■ WORK ITEM
Going through the material below, output exactly the lines from the one containing "It’s a two-day" through the one containing "君が選んだ単語や言葉が夕中文化祭のスローガンになるかもしれません。", and no pictures.

■ DATA SHOWN
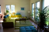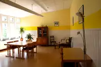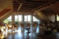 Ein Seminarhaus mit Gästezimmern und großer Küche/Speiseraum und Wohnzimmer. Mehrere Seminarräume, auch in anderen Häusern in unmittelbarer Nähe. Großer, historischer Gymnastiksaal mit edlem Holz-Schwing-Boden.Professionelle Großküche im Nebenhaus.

--

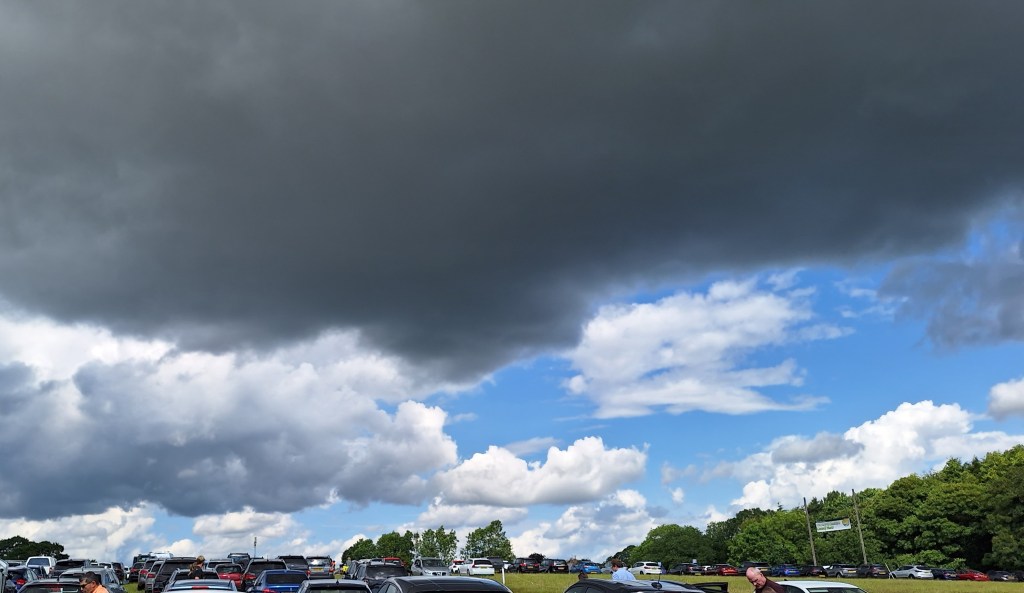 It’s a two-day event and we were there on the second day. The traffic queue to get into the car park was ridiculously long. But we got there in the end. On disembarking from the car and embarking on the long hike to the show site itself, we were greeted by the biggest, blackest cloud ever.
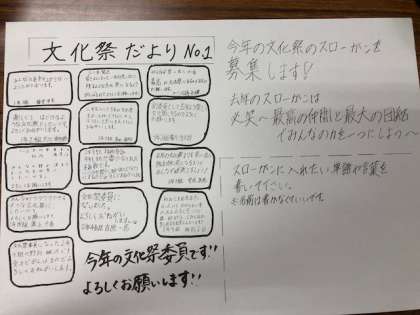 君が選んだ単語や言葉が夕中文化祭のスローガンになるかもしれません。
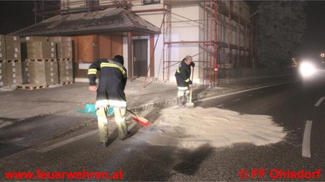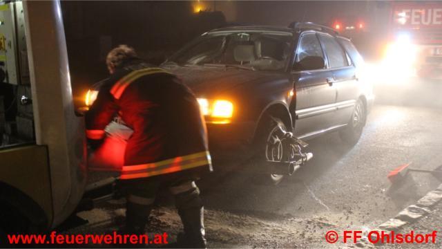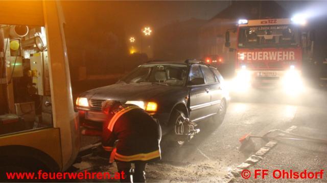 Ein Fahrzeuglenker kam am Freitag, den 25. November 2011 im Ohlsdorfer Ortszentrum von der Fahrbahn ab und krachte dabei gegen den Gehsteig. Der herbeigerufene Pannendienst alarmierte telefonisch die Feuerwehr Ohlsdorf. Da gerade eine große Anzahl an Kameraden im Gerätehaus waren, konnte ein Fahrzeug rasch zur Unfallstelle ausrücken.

■ TASK SOLUTION
 It’s a two-day event and we were there on the second day. The traffic queue to get into the car park was ridiculously long. But we got there in the end. On disembarking from the car and embarking on the long hike to the show site itself, we were greeted by the biggest, blackest cloud ever.
 君が選んだ単語や言葉が夕中文化祭のスローガンになるかもしれません。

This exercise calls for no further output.